Task material:
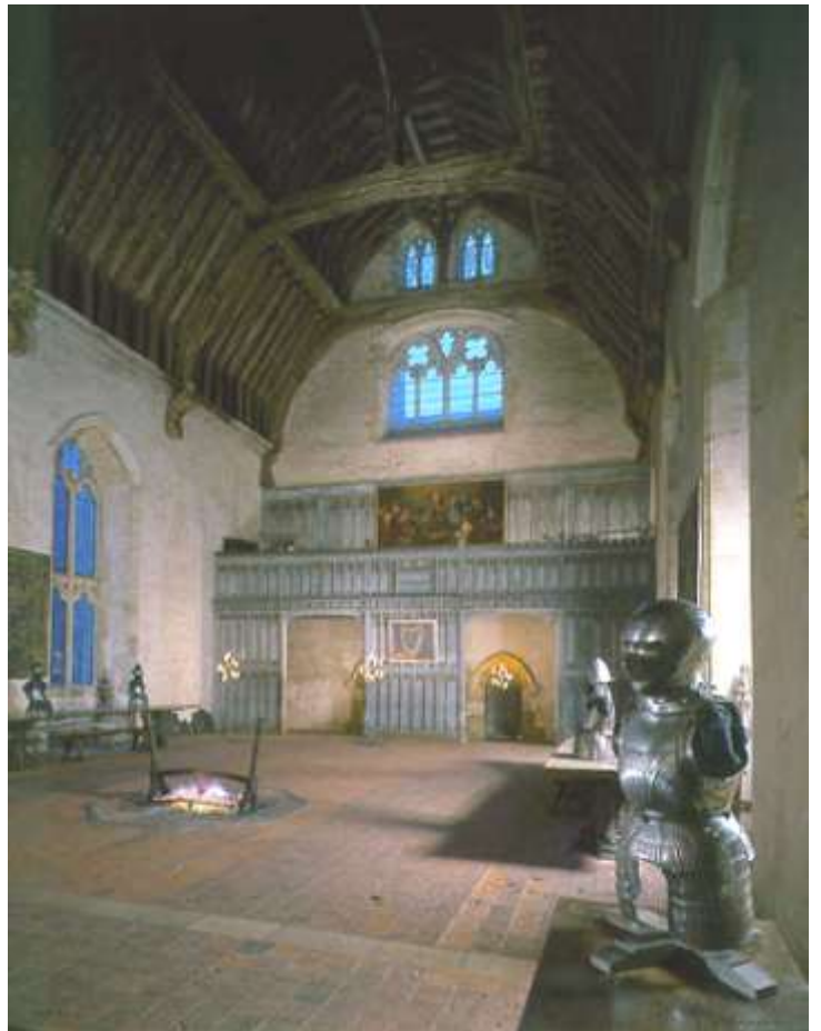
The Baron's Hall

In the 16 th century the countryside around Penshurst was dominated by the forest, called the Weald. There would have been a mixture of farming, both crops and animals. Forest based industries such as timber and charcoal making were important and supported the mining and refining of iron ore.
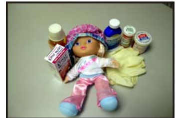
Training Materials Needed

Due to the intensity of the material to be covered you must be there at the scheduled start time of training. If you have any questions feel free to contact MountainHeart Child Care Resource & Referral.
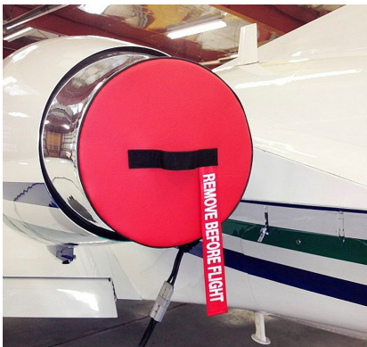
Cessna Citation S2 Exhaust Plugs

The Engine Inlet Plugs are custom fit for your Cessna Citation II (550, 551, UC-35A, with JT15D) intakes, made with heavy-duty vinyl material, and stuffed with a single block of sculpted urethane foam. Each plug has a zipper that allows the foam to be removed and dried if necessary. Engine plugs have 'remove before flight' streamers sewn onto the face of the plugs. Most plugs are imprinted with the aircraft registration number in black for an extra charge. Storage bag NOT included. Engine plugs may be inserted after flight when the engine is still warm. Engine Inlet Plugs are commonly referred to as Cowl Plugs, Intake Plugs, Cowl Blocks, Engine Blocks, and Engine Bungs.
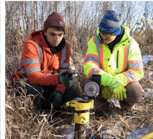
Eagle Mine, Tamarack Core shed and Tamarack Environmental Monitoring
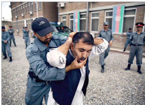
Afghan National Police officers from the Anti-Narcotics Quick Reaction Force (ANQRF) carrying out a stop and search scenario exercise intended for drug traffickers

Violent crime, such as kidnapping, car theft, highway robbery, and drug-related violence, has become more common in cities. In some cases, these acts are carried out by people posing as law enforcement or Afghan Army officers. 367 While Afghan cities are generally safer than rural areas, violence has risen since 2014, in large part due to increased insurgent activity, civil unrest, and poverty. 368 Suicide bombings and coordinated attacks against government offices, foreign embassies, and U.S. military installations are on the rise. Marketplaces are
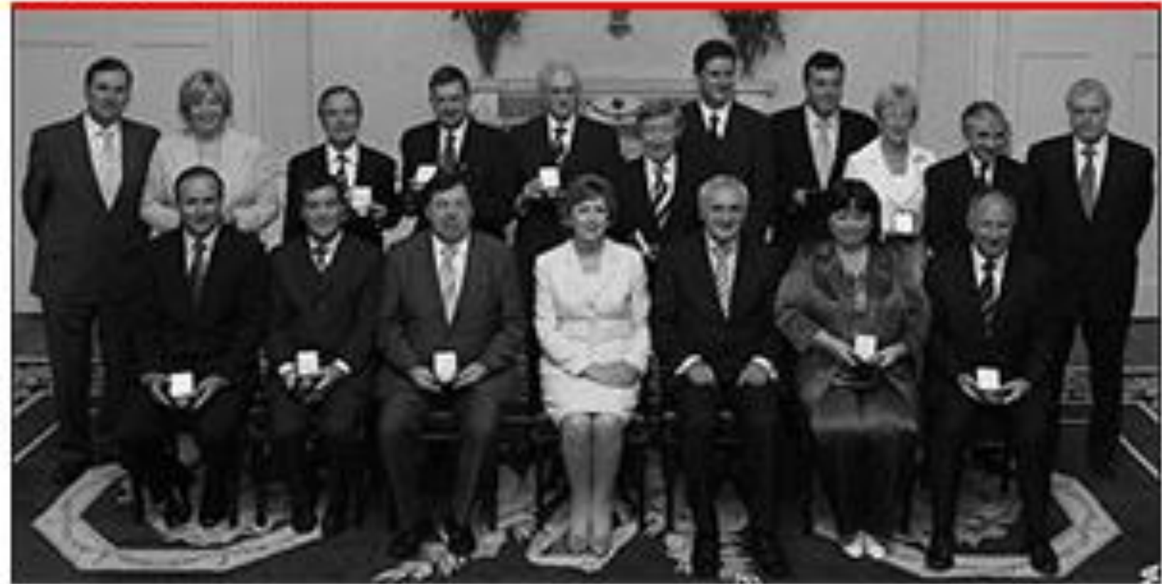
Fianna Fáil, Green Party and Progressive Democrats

Your instructions: Set each line of the records down exactly, leaving every picture out.

Answer space:
The Baron's Hall

In the 16 th century the countryside around Penshurst was dominated by the forest, called the Weald. There would have been a mixture of farming, both crops and animals. Forest based industries such as timber and charcoal making were important and supported the mining and refining of iron ore.
Training Materials Needed

Due to the intensity of the material to be covered you must be there at the scheduled start time of training. If you have any questions feel free to contact MountainHeart Child Care Resource & Referral.
Cessna Citation S2 Exhaust Plugs

The Engine Inlet Plugs are custom fit for your Cessna Citation II (550, 551, UC-35A, with JT15D) intakes, made with heavy-duty vinyl material, and stuffed with a single block of sculpted urethane foam. Each plug has a zipper that allows the foam to be removed and dried if necessary. Engine plugs have 'remove before flight' streamers sewn onto the face of the plugs. Most plugs are imprinted with the aircraft registration number in black for an extra charge. Storage bag NOT included. Engine plugs may be inserted after flight when the engine is still warm. Engine Inlet Plugs are commonly referred to as Cowl Plugs, Intake Plugs, Cowl Blocks, Engine Blocks, and Engine Bungs.
Eagle Mine, Tamarack Core shed and Tamarack Environmental Monitoring
Afghan National Police officers from the Anti-Narcotics Quick Reaction Force (ANQRF) carrying out a stop and search scenario exercise intended for drug traffickers

Violent crime, such as kidnapping, car theft, highway robbery, and drug-related violence, has become more common in cities. In some cases, these acts are carried out by people posing as law enforcement or Afghan Army officers. 367 While Afghan cities are generally safer than rural areas, violence has risen since 2014, in large part due to increased insurgent activity, civil unrest, and poverty. 368 Suicide bombings and coordinated attacks against government offices, foreign embassies, and U.S. military installations are on the rise. Marketplaces are
Fianna Fáil, Green Party and Progressive Democrats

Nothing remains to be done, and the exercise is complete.